Südafrika: Mit der Vuvuzela gegen das Virus
Die Vuvuzela erlebt in Südafrika ihre Renaissance als lärmender Hoffnungsträger. Die lange Plastik-Tröte mit dem durchdringenden Ton - der während der Fußball-WM 2010 als Stadionsound des Kap-Staates weltweit bekannt wurde – ertönt in einigen Stadtteilen von Johannesburg Punkt 19.00 Uhr.
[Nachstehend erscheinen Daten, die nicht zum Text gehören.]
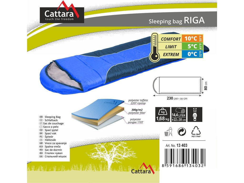 - Spacák Riga je vybaven třemi vrstvami, vnější materiál je polyester taffeta 220T s povrchovou úpravou Rip-Stop, díky které se případné vzniklé trhliny materiálu dále nezvětšují.
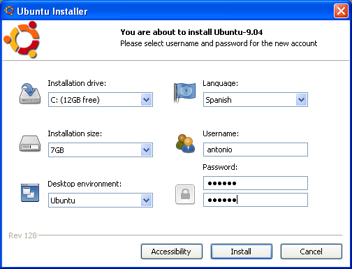 Pulse el botón Install inside Windows. Verá entonces la ventana de configuración de Wubi.

Ein paar kräftige Stöße aus der Fan-Trompete werden sowohl als Mutmacher und Zeichen gegen den Corona-Blues wie auch als Dank für die vielen Servicekräfte und medizinischen Helfer verstanden.
In Kapstadt setzt sich das Getröte dann zeitversetzt um 20 Uhr fort, das in etwa wie eine Mischung aus Autohupe und Nebelhorn klingt. Die Tröte gilt als die moderne Form des Horns der Kudu-Antilope, auf dem einst zu Versammlungen geblasen wurde; heute gilt sie als fester Bestandteil des südafrikanischen Fußballs.
Das Virus, dessen Oberfläche selbst so ausschaut, als sei es gespickt mit einer Vielzahl umgedrehter langstieliger Vuvuzelas, hat auch Südafrika im Griff. Mit 1749 bestätigten Fällen und 13 Covid-19-Toten ist es das Land mit der höchsten Zahl an Fällen in ganz Afrika. Gleichzeitig führte es bisher aber auch mit rund 50.000 Tests die größte Testreihe des Kontinents durch.